Two collider detectors: CDF and DØ are located along the main ring tunnel (in yellow).

Dropping into the tunnel, we can see a proton traveling at nearly the speed of light inside the beam pipe. An antiproton passes by in the opposite direction at the same speed. Occasionally, the proton and antiproton collide violently.

Sometimes, as shown in this artist’s rendition, the collision creates rarely seen particles like this top-antitop quark pair. These are unstable so they decay instantly into more conventional forms of matter: charged and neutral particles that move away from the collision. The top and anti-top quark decayed into W bosons and b quarks which in turn decayed into muons, neutrinos, and sprays of particles called jets.

Physicists take "snapshots" of these events with special cameras called detectors.

We observe the particle debris and work backwards, inferring the presence of rare and unstable parents from their lighter and more conventional offspring.

I am using a new Virtual Reality tool that lets physicists reconstruct what happened in collisions in these detectors.

Today I am using this same tool to show you the different parts of the detector and how they are used to trace the path, identify the charge and measure the momentum and energy of the particles in the debris of the collision.

This is how an event looks with the VR tools.
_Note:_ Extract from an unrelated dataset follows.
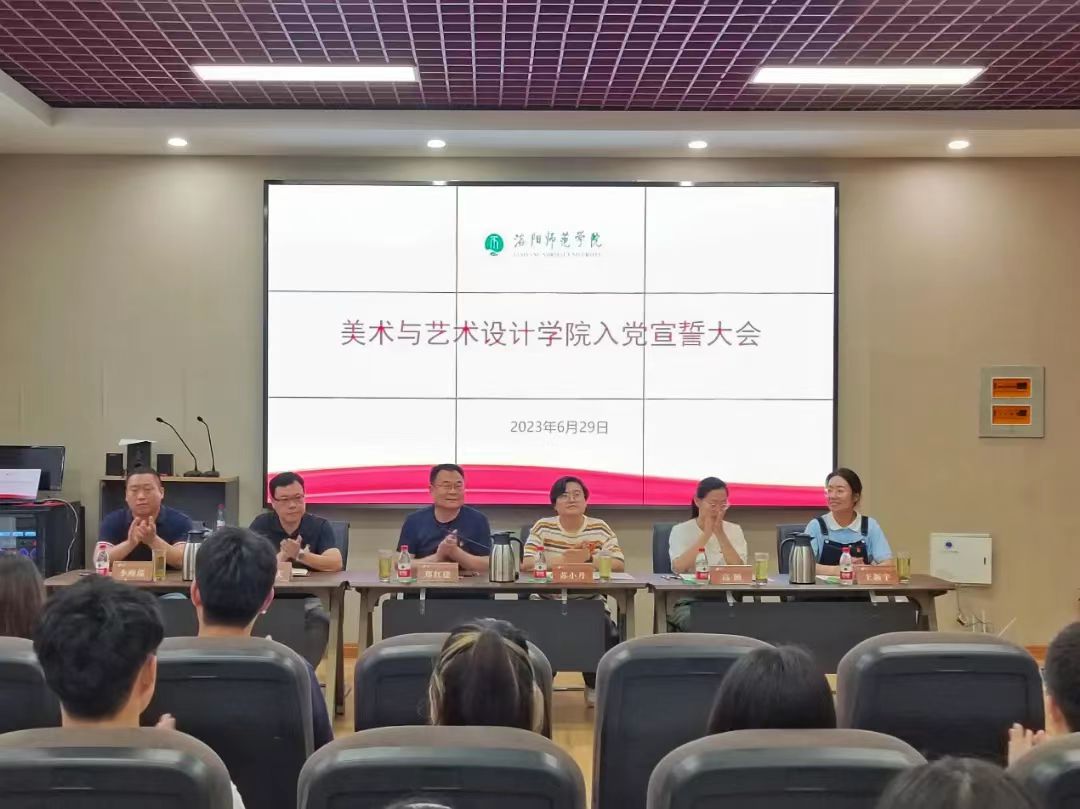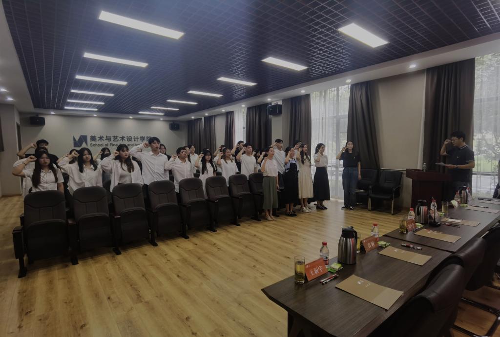 为推动学习贯彻习近平新时代中国特色社会主义思想主题教育走深走实,教育新发展党员增强党员意识、党性意识,引导全体党员凝聚起推进“一个中心两项攻坚三大行动”的磅礴力量。2023年6月29日下午,美术与艺术设计学院党委于A111会议室召开2023年度入党宣誓大会。参加本次宣誓仪式的领导、老师有我院党委书记郑红建,副书记苏小丹,副院长吴民庆,学院支部书记代表以及部分新老师生党员代表。
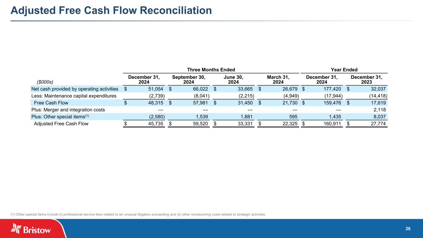 25 Adjusted Operating Income Reconciliation 2024 Government Services margins were adversely impacted by: i. Start-up costs for new Government Services contracts; ii. Supply chain challenges limiting aircraft availability iii. Adverse foreign exchange impacts; and Year Ended December 31, 2024 2023 2022 Offshore Energy Services: Operating income 132,165 45,613 11,500 Depreciation and amortization expense 28,404 30,783 33,353 PBH amortization 12,230 12,377 12,017 Offshore Energy Services Adjusted Operating Income $ 172,799 $ 88,773 $ 56,870 Government Services: Operating income $ 21,070 $ 29,610 $ 38,889 Depreciation and amortization expense 27,694 29,101 24,997 PBH amortization 2,002 1,940 864 Government Services Adjusted Operating Income $ 50,766 $ 60,651 $ 64,750 Other Services: Operating income $ 13,747 $ 15,398 $ 2,243 Depreciation and amortization expense 11,370 9,768 7,631 PBH amortization 669 663 410 Other Services Adjusted Operating Income $ 25,786 $ 25,829 $ 10,284 Total Segments Adjusted Operating Income $ 249,351 $ 175,253 $ 131,904 Corporate: Operating loss $ (34,374) $ (29,870) $ (26,633) Depreciation and amortization expense 819 954 525 Losses (gains) on disposal of assets 1,045 (1,112) 521 Corporate Adjusted Operating Loss $ (32,510) $ (30,028) $ (25,587) Consolidated Adjusted Operating Income $ 216,841 $ 145,225 $ 106,317

The colored lines are the particle paths.

To record events, detectors have many components–basically two types: tracking detectors allow particles to pass undisturbed and calorimeters catch the particles. In the CDF detector, there are two tracking detectors, one very close to the collision point and another on the outside of the detector.

The most precise detector lies as close to the collision point as possible where we see the particle tracks. The SVX detector is about a centimeter from the collision point.

Let’s zoom in and see the details. Even at this short distance, we are only able to see the decay products of short-lived particles such as top and bottom quarks. By the time it reaches the SVX, the top quark has decayed into many particles. If we look deep into this event, we can see the evidence of the b quark at a short distance from the collision point.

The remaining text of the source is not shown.